The latest Federal Reserve Board’s triennial Survey of Consumer Finances (pdf) is out and the news is not good—at least for the majority of Americans. They’re falling further and further behind those at the top.

Sure, on the surface, the results for the latest period of recovery from the Second Great Depression appear to be positive. Between 2013 and 2016, real gross domestic product in the United States grew at an annual rate of 2.2 percent, the civilian unemployment rate fell from 7.5 percent to 5 percent, and the annual rate of inflation averaged only 0.8 percent.

However, data from the 2016 Survey also indicate that the shares of income and wealth held by affluent households have reached historically high levels—and, for the bottom 90 percent, they continue to fall.
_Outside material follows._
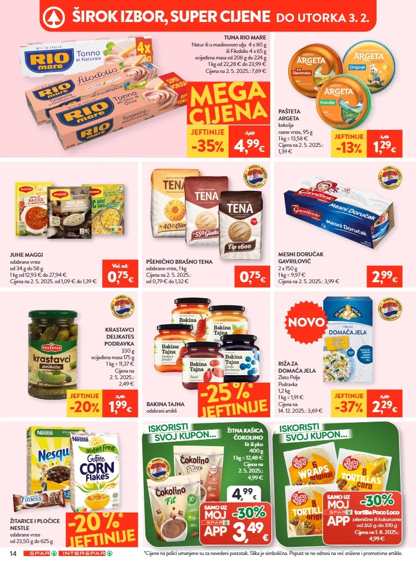 14 žitna kašica čokolino fit ili plus 400 g 1 kg = 12,48 € cijena na 2. 5. 2025.: 4,99 € 4 , 99 € samo uz 3 , 49 € -30% -30% tuna rio mare natur ili u maslinovom ulju 4 x 80 g ili filodolio 4 x 65 g ocijeđena masa od 208 g do 224 g 1 kg od 22,28 € do 23,99 € cijena na 2. 5. 2025.: 7,69 € juhe maggi odabrane vrste od 34 g do 58 g 1 kg od 12,93 € do 27,94 € cijena na 2. 5. 2025. od 1,09 € do 1,39 € pšenično brašno tena odabrane vrste, 1 kg cijena na 2. 5. 2025.: od 0,79 € do 1,32 € pašteta argeta kokošja razne vrste, 95 g 1 kg = 13,58 € cijena na 2. 5. 2025.: 1,39 € krastavci delikates podravka 330 g ocijeđena masa 175 g 1 kg = 11,37 € cijena na 2. 5. 2025.: 2,49 € žitarice i pločice nestle odabrane vrste od 23,50 g do 625 g mesni doručak gavrilović 2 x 150 g 1 kg = 9,97 € cijena na 2. 5. 2025.: 3,99 € riža za domaća jela zlato polje podravka 1,2 kg 1 kg = 1,91 € cijena na 14. 12. 2025.: 3,69 € *cijene na polici umanjene su za navedeni postotak. slika je simbolična. popust se ne odnosi na već snižene i promotivne artikle. mega cijena jeftinije -35 % 7,69 4 , 99 € širok izbor, super cijene do utorka 3. 2. jeftinije -37 % 3,69 2 , 29 € jeftinije -13 % 1,49 1 , 29 € jeftinije -20 % 2,49 1 , 99 € -20 % * jeftinije -25 % * jeftinije samo uz -30% -30% tortille poco loco pšenične ili kukuruzne od 245 g do 370 g cijena na 1. 8. 2025.: 4,99 € iskoristi svoj kupon... iskoristi svoj kupon... novo bakina tajna odabrani artikli 0 , 75 € 2 , 99 € već od: 0 , 75 €

For example, examining the chart at the top of this post, the share of income captured by the top 1 percent of families, which was 20.3 percent in 2013, rose to 23.8 percent in 2016. The top 1 percent of families now receives nearly as large a share of total income as the next highest 9 percent of families combined (percentiles 91 through 99), who received 26.5 percent of all income—a share that has remained fairly stable over the past quarter of a century. Correspondingly, the rising income share of the top 1 percent mirrors the declining income share of the bottom 90 percent of the distribution, which fell to less than half (49.7 percent) in 2016.

wealth shares

And the degree of inequality in the distribution of wealth is even worse. The share of the top 1 percent climbed from 36.3 percent in 2013 to 38.6 percent in 2016, surpassing the wealth share of the next highest 9 percent of families combined. After rising over the second half of the 1990s and most of the 2000s, the wealth share of the next highest 9 percent of families has actually been falling since 2010, reaching 38.5 percent in 2016. Similar to the situation with income, the wealth share of the bottom 90 percent of families has been decreasing for most of the past 25 years, dropping from 33.2 percent in 1989 to only 22.8 percent in 2016.

net worth

Another way of illustrating the grotesquely unequal distribution of wealth in the United States is in terms of median net worth (as in the table above). As it turns out, the median net worth of the top decile is more than four times the level of the next highest decile group and more than 230 times that of the bottom two deciles—in both cases, even larger than the gaps that existed in 2013.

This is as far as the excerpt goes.